(Work instructions):
Would you repeat the entries below exactly and omit the pictures?

Collected data entries:

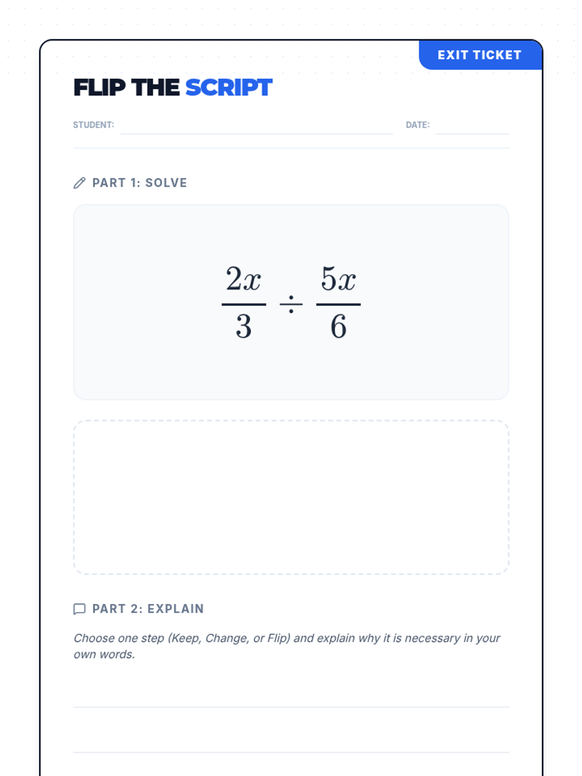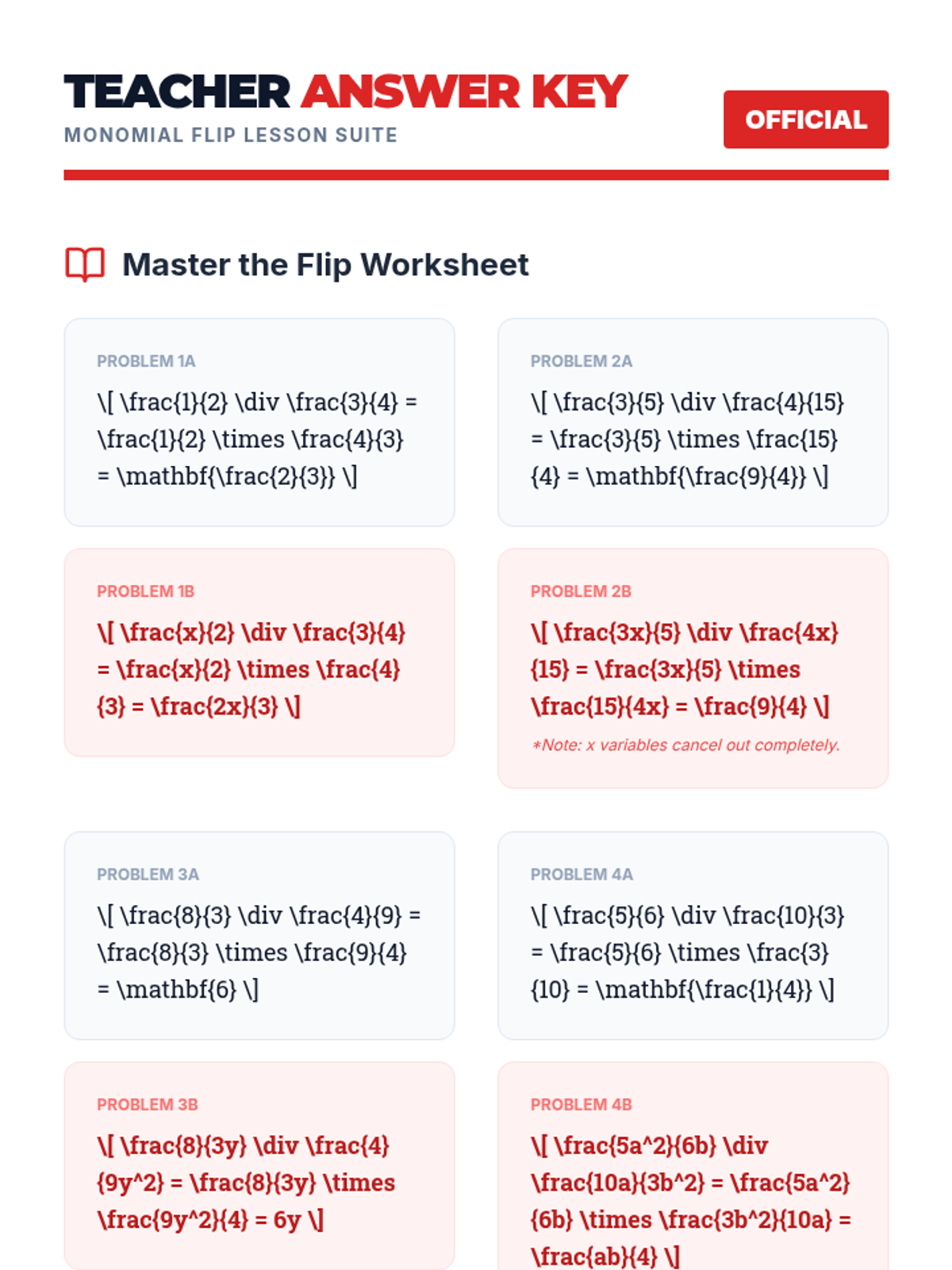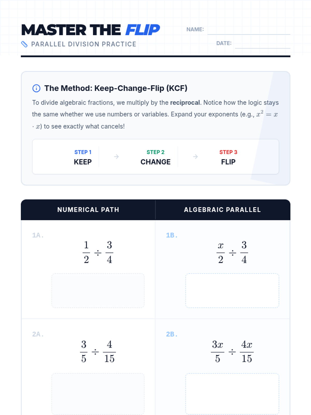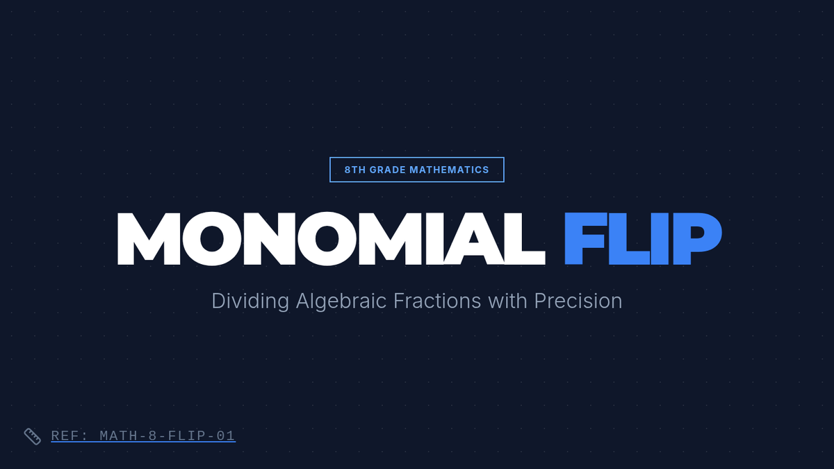 Students will master the 'Keep-Change-Flip' rule for dividing monomial algebraic fractions through parallel arithmetic and algebraic practice. The lesson includes a video-based discussion and a structured worksheet comparing numerical and variable-based operations.
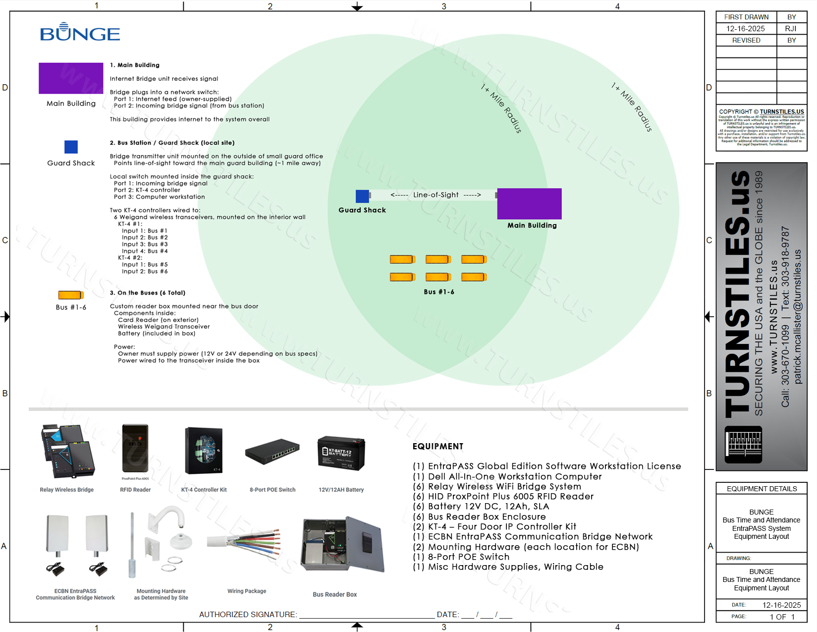 The team at TURNSTILES.us is honored to provide our EntraPASS Access Control System and engineering, drafting, and installation services to BUNGE for their Bus Time and Attendance Tracking System. Please find featured equipment information, photos, and project documentation below. We appreciate the opportunity to secure your facility.
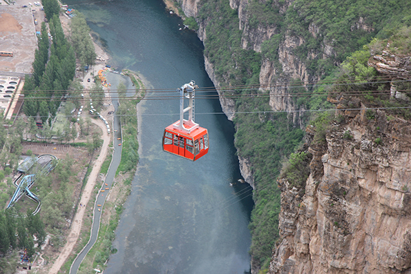 南山往复式索道由北京拒马娱乐有限公司投巨资,聘请北京起重运输机械设计研究院负责设计。是北京地区第一条往复式客运索道,最高运行速度8米/秒,单程中速运行3分钟,单箱牵引载客量30人/次,每小时运量400人次/单程。八渡南山索道北站海拔高程351.04米,南站海拔高程606.796米,高差255米,南站最高点距拒马河水面净空高度453米,跨度为1050米。
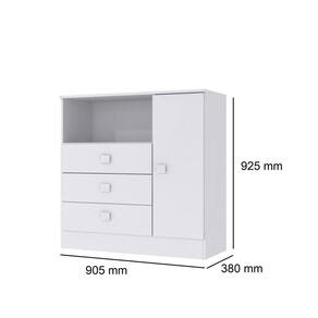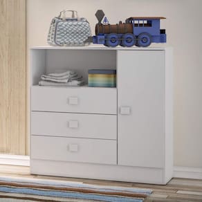 Cômoda em MDP BP branco 15 mm (nas laterais e prateleira), acabamento laca nas frentes de gavetas e porta. Possui quatro gavetas com corrediça telescópica e uma porta com dobradiças metálicas. A cômoda é fabricada em MDP 15 mm. Produto Montado: Sim Acabamento da Gaveta: Laca Acabamento da Porta: Laca Acabamento da Prateleira: Finish Foil Acompanha a Almofada: Não Ambiente Principal: Quarto de Bebê codigo_ean: 7898519564747 Complexidade da Montagem: Média: pode ser montado por mais de uma pessoa e/ou necessite de maior conhecimento para montagem Cor: Branco Cor: Branco Cor do Produto: Branco Cor Interna: Branco Escala de Brilho: Brilhante Escala de Brilho da Gaveta: Brilhante Escala de Brilho da Porta: Brilhante Escala de Brilho da Prateleira: Fosco Gaveta com Chave: Não Itens Inclusos: 1 Cômoda e Manual de Montagem. Linha ou Coleção: Baby Material da Gaveta: MDP Material da Porta: MDP Material da Prateleira: MDP Material do Fundo: T-HDF Material do Puxador da Gaveta: Plástico Material do Puxador da Porta: Plástico Material Principal: MDP Necessita Montagem: Sim Peso: 34,7 kg Peso Máximo por Gaveta: 2 kg Peso Máximo por Prateleira: 2 kg Possui Espelho: Não Possui Nichos: 01 Possui Pés: Não Possui Portas: Sim Possui Prateleiras: Sim Possui Rodízio: Não Possui Trocador: Não Quantidade de Gavetas: 03 Gavetas Quantidade de Prateleiras: 01 Prateleira Recomendações de Uso, Manutenção e Limpeza: É recomeado pano macio para limpezas do dia-a-dia, e pano úmido para tirar a poeira. Sapatas Niveladoras: Não Sistema de Montagem: Parafusos e cavilhas. Tipo de Corrediça da Gaveta: Metálica Telescópica Tipo de Dobradiça/Corrediça da Porta: Metálica Tipo de Porta: Bater Tipo de Puxador da Gaveta: Externo Tipo de Puxador da Porta: Externo Ean: 7898519564747
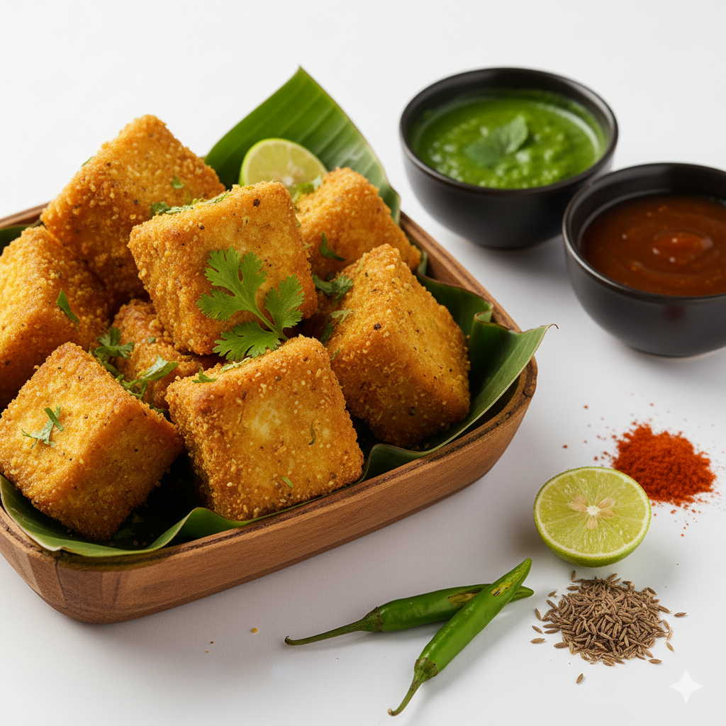 Made with fritters in spiced chickpea batter
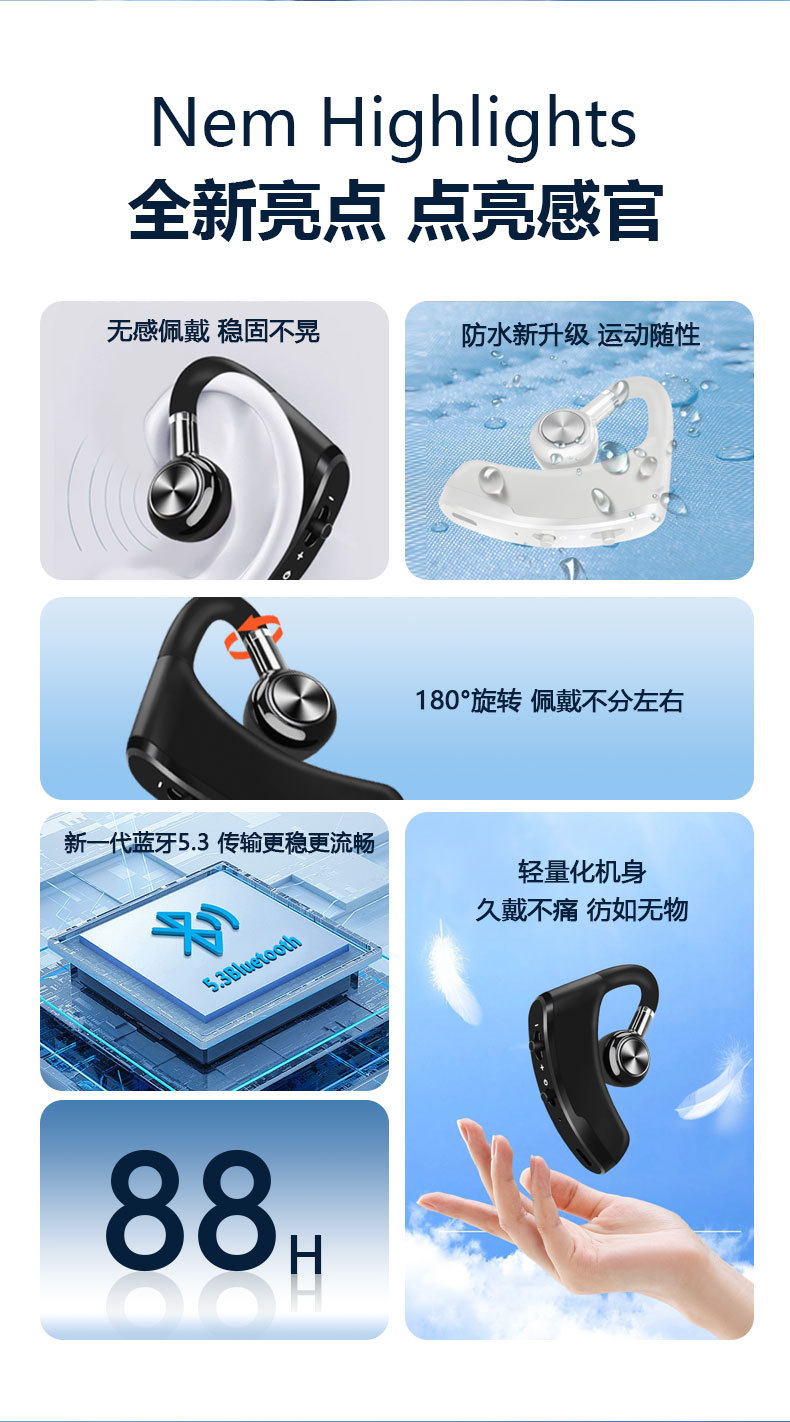 无线蓝牙耳塞式耳机单耳不入耳OWS传导车载商务耳夹式不伤长续航
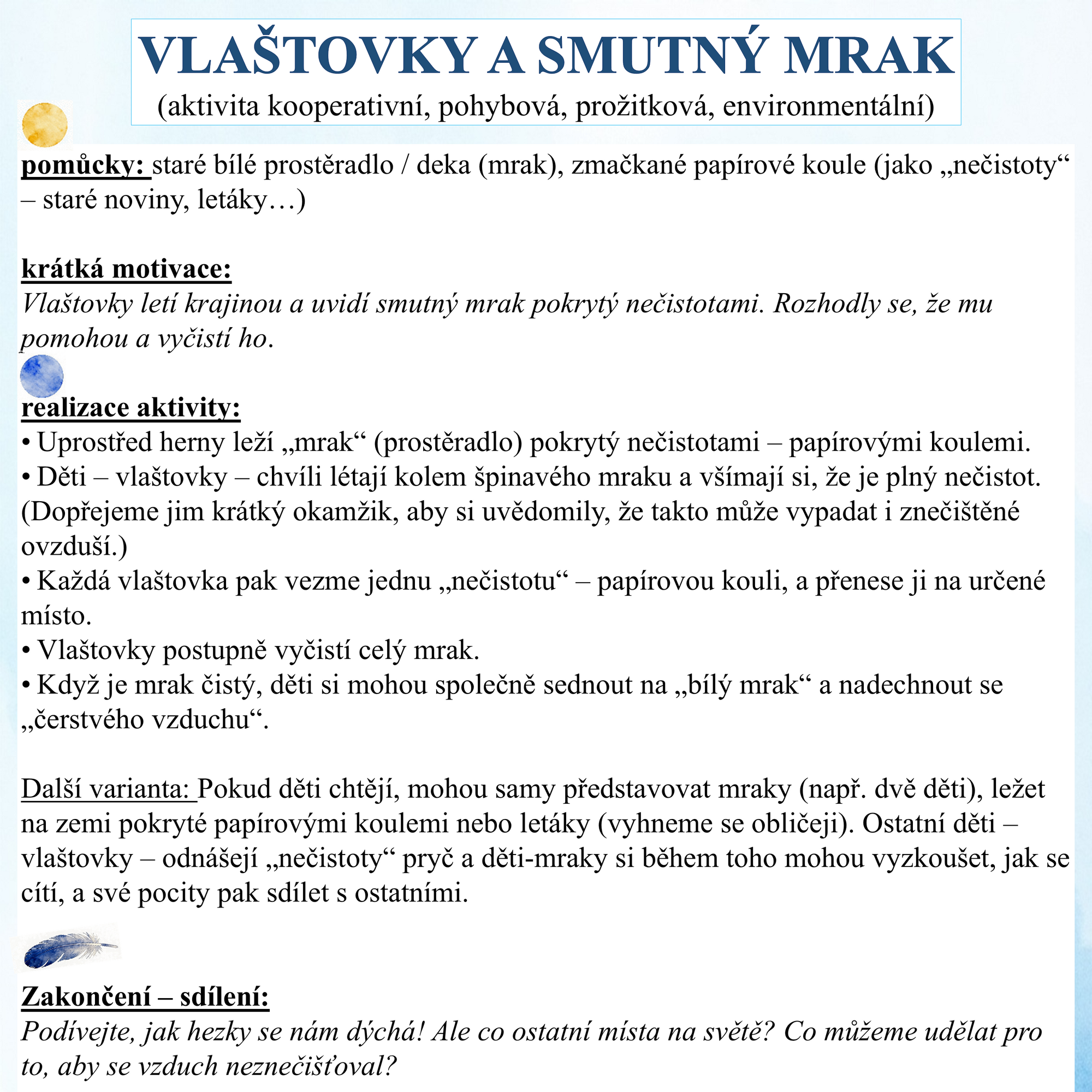 Velký důraz je kladen na práci se starým papírem a zbytkovým materiálem, který se během her proměňuje podle dětské fantazie i příběhu aktivit. Starý papír se tak stává například hmyzem, který vlaštovky loví (zmačkané kuličky ze starého papíru), blátem a stébly trávy pro stavbu hnízda (proužky starého novinového papíru) nebo nečistotami na mraku, který vlaštovky společně čistí, aby se jim lépe dýchalo. (Zmačkané koule ze starých letáků, novin...)
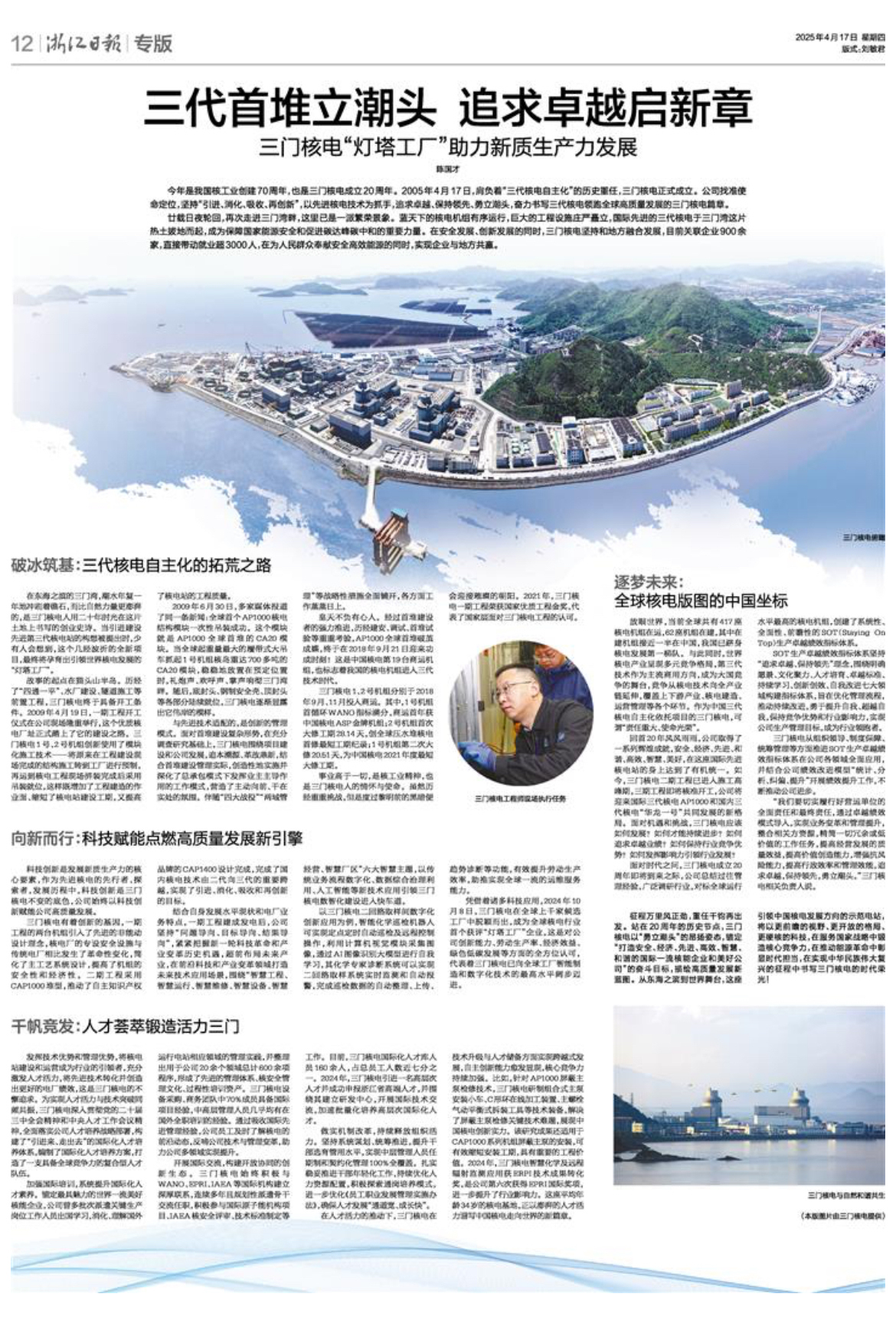今年是我国核工业创建70周年,也是三门核电成立20周年。2005年4月17日,肩负着“三代核电自主化”的历史重任,三门核电正式成立。公司找准使命定位,坚持“引进、消化、吸收、再创新”,以先进核电技术为抓手,追求卓越、保持领先、勇立潮头,奋力书写三代核电领跑全球高质量发展的三门核电篇章。

(Problem solution):
 Students will master the 'Keep-Change-Flip' rule for dividing monomial algebraic fractions through parallel arithmetic and algebraic practice. The lesson includes a video-based discussion and a structured worksheet comparing numerical and variable-based operations.
 The team at TURNSTILES.us is honored to provide our EntraPASS Access Control System and engineering, drafting, and installation services to BUNGE for their Bus Time and Attendance Tracking System. Please find featured equipment information, photos, and project documentation below. We appreciate the opportunity to secure your facility.
 南山往复式索道由北京拒马娱乐有限公司投巨资,聘请北京起重运输机械设计研究院负责设计。是北京地区第一条往复式客运索道,最高运行速度8米/秒,单程中速运行3分钟,单箱牵引载客量30人/次,每小时运量400人次/单程。八渡南山索道北站海拔高程351.04米,南站海拔高程606.796米,高差255米,南站最高点距拒马河水面净空高度453米,跨度为1050米。
 Cômoda em MDP BP branco 15 mm (nas laterais e prateleira), acabamento laca nas frentes de gavetas e porta. Possui quatro gavetas com corrediça telescópica e uma porta com dobradiças metálicas. A cômoda é fabricada em MDP 15 mm. Produto Montado: Sim Acabamento da Gaveta: Laca Acabamento da Porta: Laca Acabamento da Prateleira: Finish Foil Acompanha a Almofada: Não Ambiente Principal: Quarto de Bebê codigo_ean: 7898519564747 Complexidade da Montagem: Média: pode ser montado por mais de uma pessoa e/ou necessite de maior conhecimento para montagem Cor: Branco Cor: Branco Cor do Produto: Branco Cor Interna: Branco Escala de Brilho: Brilhante Escala de Brilho da Gaveta: Brilhante Escala de Brilho da Porta: Brilhante Escala de Brilho da Prateleira: Fosco Gaveta com Chave: Não Itens Inclusos: 1 Cômoda e Manual de Montagem. Linha ou Coleção: Baby Material da Gaveta: MDP Material da Porta: MDP Material da Prateleira: MDP Material do Fundo: T-HDF Material do Puxador da Gaveta: Plástico Material do Puxador da Porta: Plástico Material Principal: MDP Necessita Montagem: Sim Peso: 34,7 kg Peso Máximo por Gaveta: 2 kg Peso Máximo por Prateleira: 2 kg Possui Espelho: Não Possui Nichos: 01 Possui Pés: Não Possui Portas: Sim Possui Prateleiras: Sim Possui Rodízio: Não Possui Trocador: Não Quantidade de Gavetas: 03 Gavetas Quantidade de Prateleiras: 01 Prateleira Recomendações de Uso, Manutenção e Limpeza: É recomeado pano macio para limpezas do dia-a-dia, e pano úmido para tirar a poeira. Sapatas Niveladoras: Não Sistema de Montagem: Parafusos e cavilhas. Tipo de Corrediça da Gaveta: Metálica Telescópica Tipo de Dobradiça/Corrediça da Porta: Metálica Tipo de Porta: Bater Tipo de Puxador da Gaveta: Externo Tipo de Puxador da Porta: Externo Ean: 7898519564747
 Made with fritters in spiced chickpea batter
 无线蓝牙耳塞式耳机单耳不入耳OWS传导车载商务耳夹式不伤长续航
 Velký důraz je kladen na práci se starým papírem a zbytkovým materiálem, který se během her proměňuje podle dětské fantazie i příběhu aktivit. Starý papír se tak stává například hmyzem, který vlaštovky loví (zmačkané kuličky ze starého papíru), blátem a stébly trávy pro stavbu hnízda (proužky starého novinového papíru) nebo nečistotami na mraku, který vlaštovky společně čistí, aby se jim lépe dýchalo. (Zmačkané koule ze starých letáků, novin...)
今年是我国核工业创建70周年,也是三门核电成立20周年。2005年4月17日,肩负着“三代核电自主化”的历史重任,三门核电正式成立。公司找准使命定位,坚持“引进、消化、吸收、再创新”,以先进核电技术为抓手,追求卓越、保持领先、勇立潮头,奋力书写三代核电领跑全球高质量发展的三门核电篇章。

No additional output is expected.